16name = "Azure RBAC Built-In Administrator Roles Assigned"
17note = """## Triage and Analysis
18
19### Investigating Azure RBAC Built-In Administrator Roles Assigned
20
21This rule identifies when a user is assigned a built-in administrator role in Azure RBAC (Role-Based Access Control). These roles provide significant privileges and can be abused by attackers for lateral movement, persistence, or privilege escalation. The privileged built-in administrator roles include Owner, Contributor, User Access Administrator, Azure File Sync Administrator, Reservations Administrator, and Role Based Access Control Administrator.
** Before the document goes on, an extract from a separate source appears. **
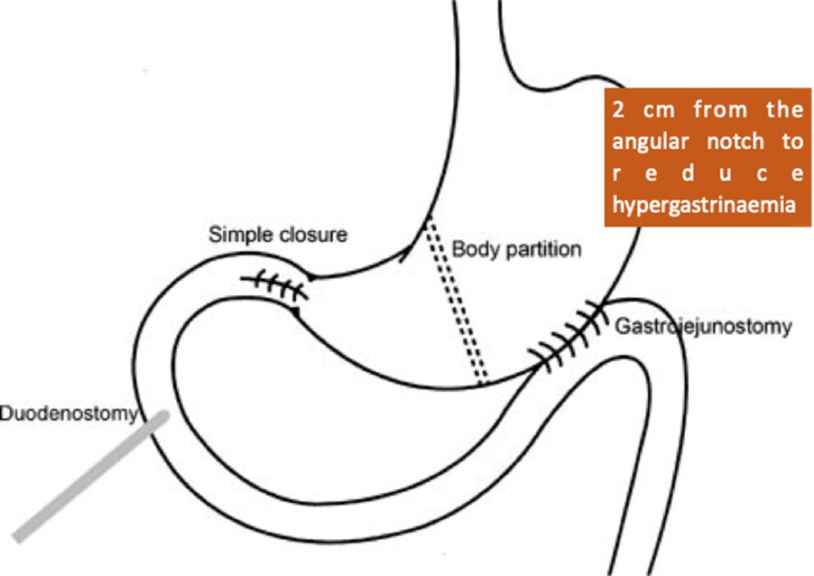 Two case series by Shyu et al. describe the gastric corpus partition technique for the treatment of giant perforated peptic ulcer. This technique involves simple closure of the perforation followed by partitioning of the gastric body with a linear stapler 2 cm proximal to the angular incisure. To re-establish gastrointestinal continuity, a gastrojejunostomy is performed, and a duodenostomy tube is inserted for biliary drainage. It is described that the partition should be performed in the gastric body and not in the antrum to reduce hypergastrinaemia.

Assignment can be done via the Azure portal, Azure CLI, PowerShell, or through API calls. Monitoring these assignments helps detect potential unauthorized privilege escalations.
22
23#### Privileged Built-In Administrator Roles
24- Contributor: b24988ac-6180-42a0-ab88-20f7382dd24c
25- Owner: 8e3af657-a8ff-443c-a75c-2fe8c4bcb635
26- Azure File Sync Administrator: 92b92042-07d9-4307-87f7-36a593fc5850
27- Reservations Administrator: a8889054-8d42-49c9-bc1c-52486c10e7cd
28- Role Based Access Control Administrator: f58310d9-a9f6-439a-9e8d-f62e7b41a168
29- User Access Administrator: 18d7d88d-d35e-4fb5-a5c3-7773c20a72d9
30
31### Possible investigation steps
32
33- Identify the user who assigned the role and examine their recent activity for any suspicious actions.
34- Review the source IP address and location associated with the role assignment event to assess if it aligns with expected user behavior or if it indicates potential unauthorized access.
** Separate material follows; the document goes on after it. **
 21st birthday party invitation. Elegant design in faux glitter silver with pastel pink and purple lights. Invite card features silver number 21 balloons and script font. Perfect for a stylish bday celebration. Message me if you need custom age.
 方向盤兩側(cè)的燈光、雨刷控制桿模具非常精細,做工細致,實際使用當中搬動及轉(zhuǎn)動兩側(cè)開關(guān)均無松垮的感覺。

35- Check the history of role assignments for the user who was assigned the role to determine if this is a recurring pattern or a one-time event.
36 - Additionally, identify the lifetime of the targeted user account to determine if it is a newly created account or an existing one.
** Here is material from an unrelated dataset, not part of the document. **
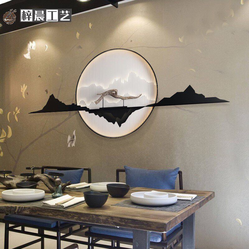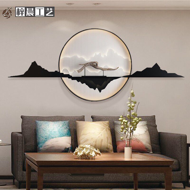 New Chinese style three-dimensional iron metal wall decoration living room sofa background wall decoration porch aisle light luxury wall hanging pendant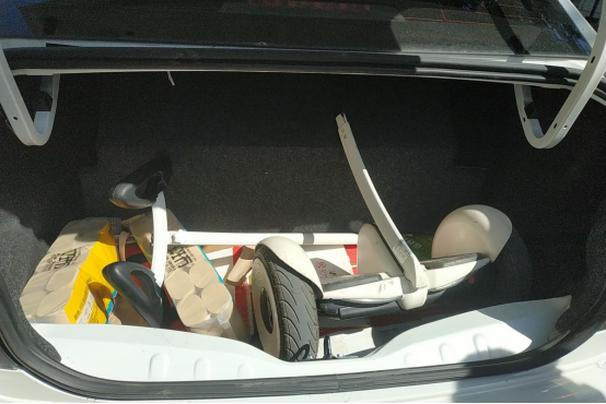 气罐子一装,还剩了不小的空间,行李箱是随便放得下。我车已被平衡车占据

37- Determine if the user assigning the role historically has the necessary permissions to assign such roles and has done so in the past.
38- Investigate any recent changes or activities performed by the newly assigned administrator to identify any suspicious actions or configurations that may have been altered.
39- Correlate with other logs, such as Microsoft Entra ID sign-in logs, to identify any unusual access patterns or behaviors for the user.
40
41### False positive analysis
42
43- Legitimate administrators may assign built-in administrator roles during routine operations, maintenance or as required for onboarding new staff.
44- Review internal tickets, change logs, or admin activity dashboards for approved operations.
45
46### Response and remediation
47
48- If administrative assignment was not authorized:
49 - Immediately remove the built-in administrator role from the account.
50 - Disable or lock the account and begin credential rotation.
51 - Audit activity performed by the account after elevation, especially changes to role assignments and resource access.
52- If suspicious:
53 - Notify the user and confirm whether they performed the action.
54 - Check for any automation or scripts that could be exploiting unused elevated access paths.
55 - Review conditional access and PIM (Privileged Identity Management) configurations to limit elevation without approval.
56- Strengthen posture:
57 - Require MFA and approval for all privilege escalation actions.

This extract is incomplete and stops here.